On flat pricing: agentic workflows are genuinely unpredictable. One day you have a clean refactor, the next your agent is in a 30-minute edit-run-fix loop and you've burned $40. Knowing your monthly ceiling upfront is a different kind of freedom. It changes how teams use the tool because the meter isn't running in their heads.
On switching cost: this is the part most people underestimate. The quality gap between closed and open frontier models on coding tasks is far smaller than the gap in setup friction. We benchmarked GLM 5.1 and Kimi K2.6 Code against Sonnet on real coding sessions for weeks before this launch, and the outputs are genuinely close. But "close on output" doesn't matter if "setup takes a Saturday." So that's the actual battle: zero-config switching.
The whole point of routing through a gateway is that "trying a new model" becomes a 30-second toggle, not a project.
Thanks for the thoughtful comment 🙏
This is exactly the kind of model switching devs pretend they do not need and then use 12 times a day. Love the practical angle.
Edgee
Haha, thanks@sarveshsea , accurate. I'm the founder and I still catch myself defending
my "main" model out of pure habit, then switching three times in the same session.

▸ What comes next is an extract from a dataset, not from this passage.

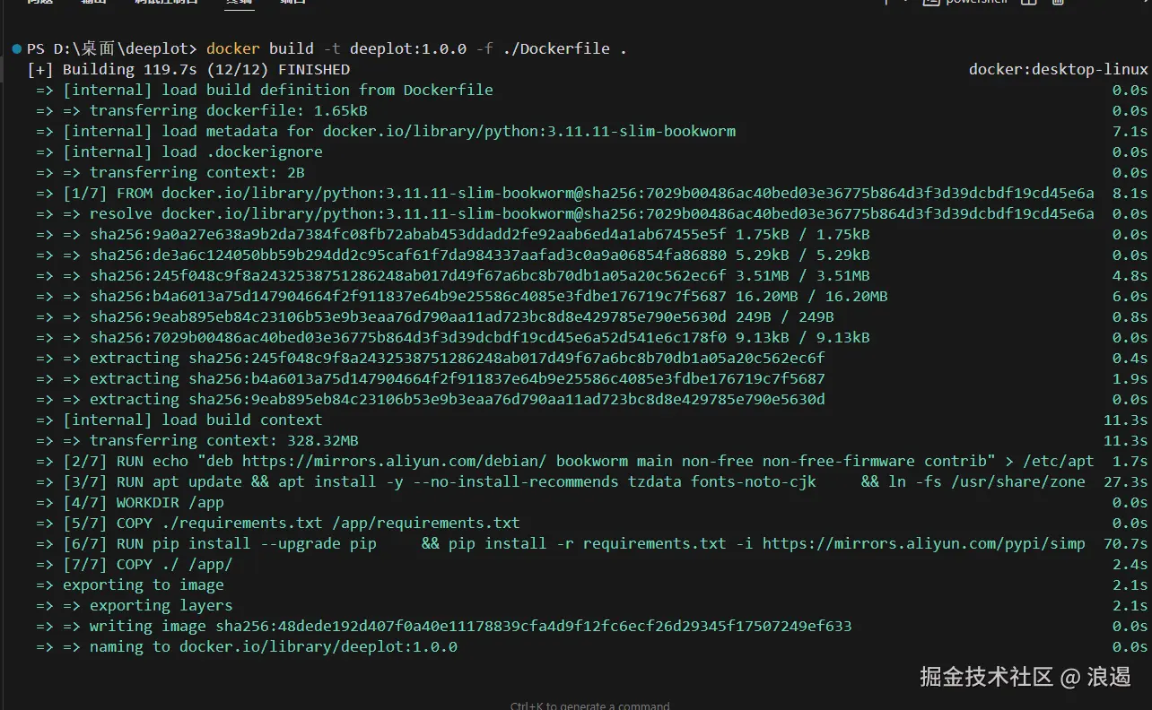 在服务器构建是最简单的方案 , 而在本地构建则需要你电脑上有docker环境 , 而我的电脑是windows , 安装docker有点靠运气(因为相比linux , 太坑了),还好我之前已经安装好了🤡 , 顶着C盘13G的压力硬是没有把docker环境(WSL、ubuntu、docker Desktop)删除掉 , 这不 , 它表现的机会来了~

The honest truth is most devs don't need one perfect model, they need the right one for each task. Turbo just makes that switching free.
Thanks 🙏
Using Edgee with Kimi K2.7, huge savings comparing to OpenRouter. Keep going guy!
Edgee
Haha, Thank you @denis_lt , that means a lot.
Kimi K2.7 Code on Turbo is genuinely a sweet spot right now. The combination of the model's coding capability and the speed/price of how it's served changes the calculus for a lot of agentic workflows.
Keep building 🙏
I am using Edgee every day and it is saving me tokens and making my claude usage more efficent
Edgee
@olivier_thirion_de_briel Thanks for being one of our core users, it means a lot to us. And yeah, your savings are incredible. Can't wait for your to test our next compressor ;)

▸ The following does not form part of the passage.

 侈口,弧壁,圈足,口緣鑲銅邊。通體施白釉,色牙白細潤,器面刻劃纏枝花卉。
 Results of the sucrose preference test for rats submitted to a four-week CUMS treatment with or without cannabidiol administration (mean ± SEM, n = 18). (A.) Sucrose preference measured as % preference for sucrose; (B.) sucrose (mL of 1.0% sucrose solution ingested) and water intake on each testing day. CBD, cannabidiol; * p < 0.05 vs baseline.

Love the flat rate approach for unpredictable agent loops, excited to test Kimi K2.7 Code with this kind of speed. Huge congrats on shipping this, @sachamorard
Edgee
@priya_kushwaha1 You'll see, Kimi K2.7 Code (turbo version) is really impressive. Looking forward to having your feedback
Tabstack by Mozilla
I can relate. Kimi's AI models are solid options for coding tasks. See this comparison with Opus 4.7. TL,DR: Great for prototyping or exploring a design. Opus remains ahead for work requiring correctness and accuracy.
Also fun fact: Composer 2.5, Cursor's most recent coding model, actually is based on Kimi's.